Updated

A judge rejected a request by two fraternity brothers to block the DVD release of the hit spoof movie "Borat."

West Los Angeles Superior Court Judge Joseph S. Biderman also refused to order the removal of a scene that includes the two men, who claim they had been duped into misbehaving on camera.

Biderman issued his two-page decision on Friday after hearing arguments the previous day.

The South Carolina fraternity brothers sued Nov. 9, claiming they were tricked into making racist and sexist remarks to British comedian Sacha Baron Cohen in "Borat: Cultural Learnings of America for Make Benefit Glorious Nation of Kazakhstan."

In one scene of the mockumentary, Cohen as rowdy Kazakh journalist Borat hangs out with three men in a motor home and watches the Pamela Anderson-Tommy Lee sex tape. One of the three men did not participate in the lawsuit.

The fraternity brothers claim the filmmakers got them drunk before getting them to sign release forms agreeing to appear in the film. Their names do not appear in the lawsuit.

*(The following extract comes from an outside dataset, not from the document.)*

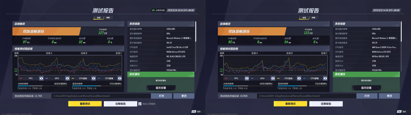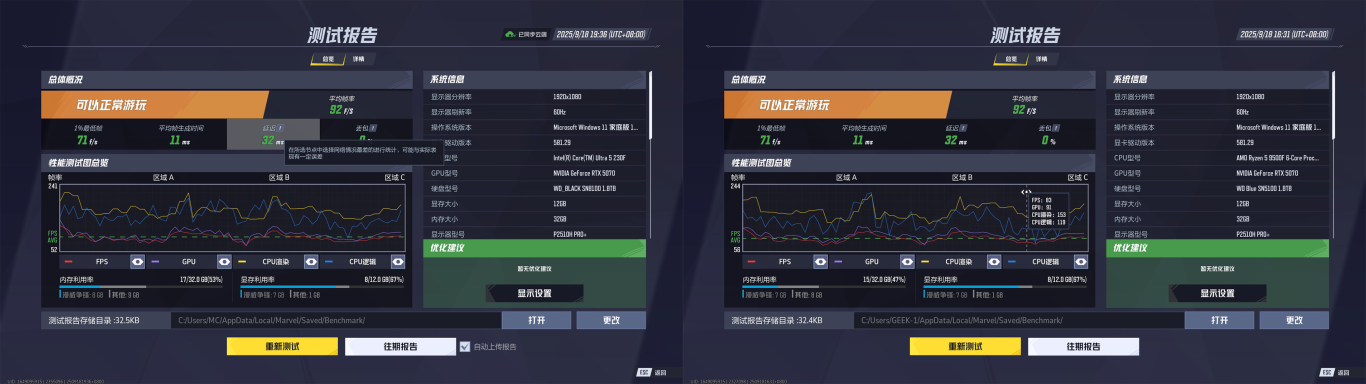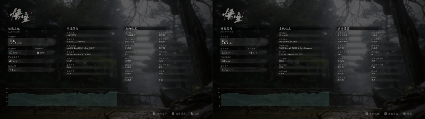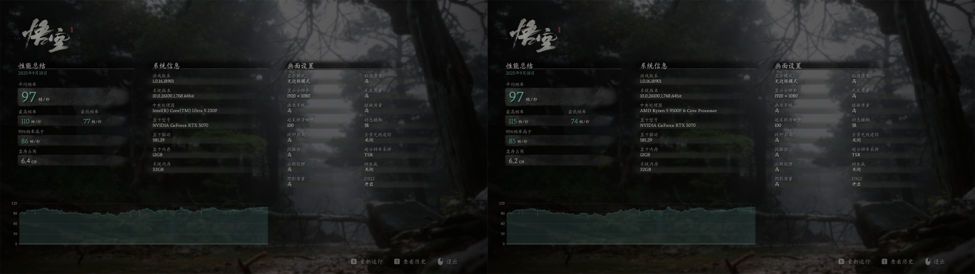 为此,在游戏性能测试环节,我们先通过3DMARK Time Spy测试了两个平台于DX12游戏场景下的理论游戏性能分数,随后通过6款目前热门的游戏进行实测,测试游戏囊括《黑神话:悟空》这类的3A大作以及诸如《三角洲行动》这样的热门电竞网游,并且主要于1080p分辨率下搭配320Hz高刷新率电竞显示屏,从全局设置高画质以及最高画质两个方向进行实测,以模拟当下多数游戏玩家的游戏习惯。
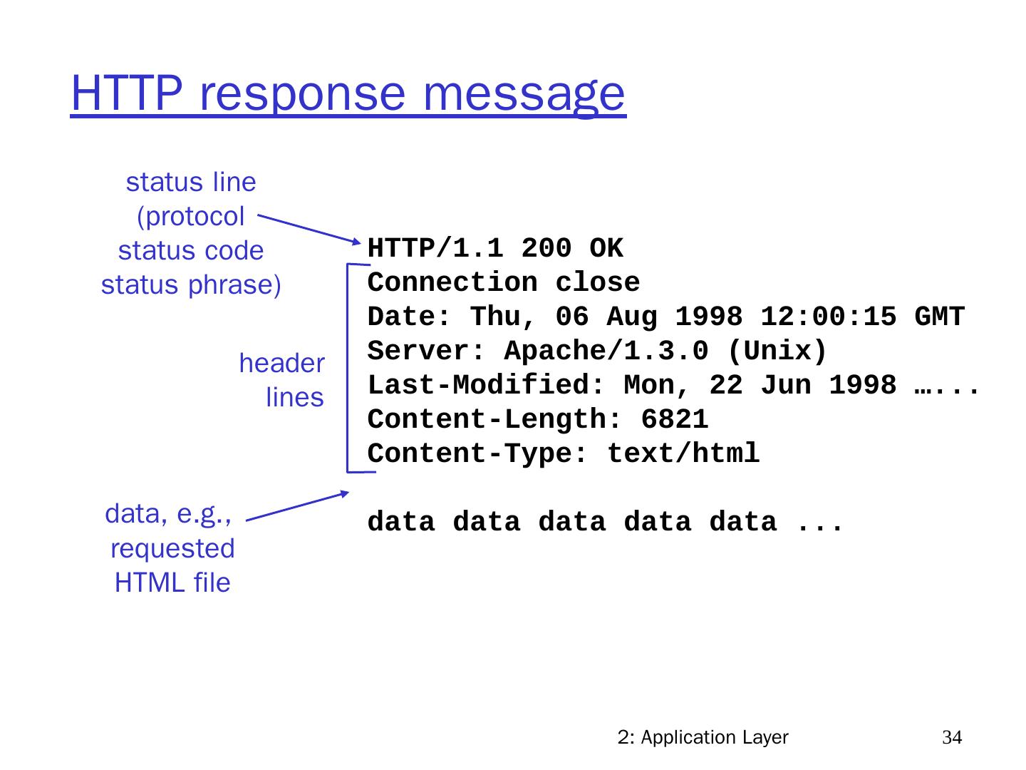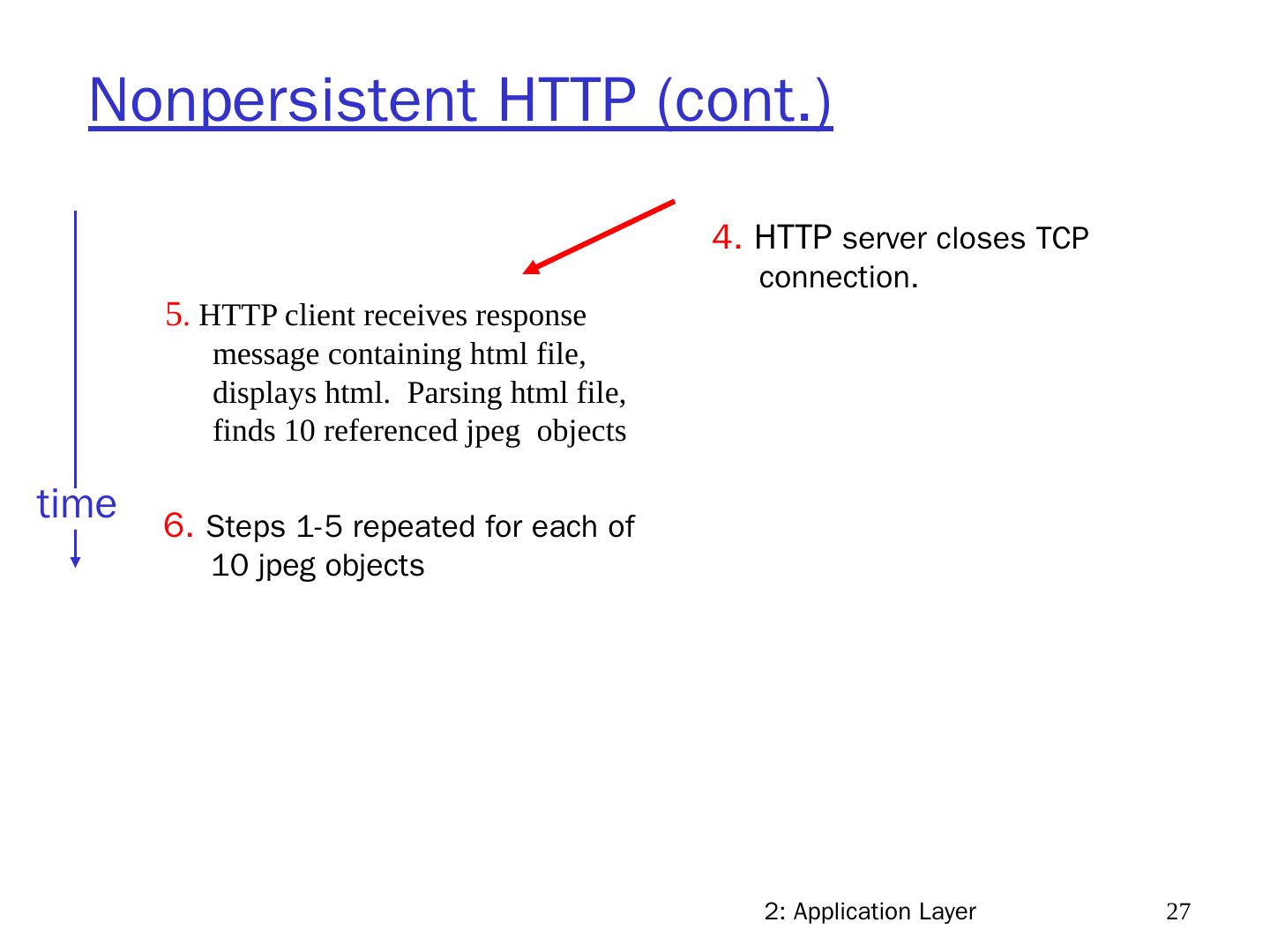 27 .2: Application Layer 27 Nonpersistent HTTP (cont.) 5 . HTTP client receives response message containing html file, displays html. Parsing html file, finds 10 referenced jpeg objects 6. Steps 1-5 repeated for each of 10 jpeg objects 4. HTTP server closes TCP connection. time

The film "made plaintiffs the objects of ridicule, humiliation, mental anguish, and emotional and physical distress," the lawsuit claims.

A trial date for the lawsuit, which seeks unspecified monetary damages, has not been set.

Louis Petrich, an attorney for 20th Century Fox and One America Productions, said he was pleased with the judge's decision.

Calls to the plaintiffs' attorney, Olivier Taillieu, were not immediately returned.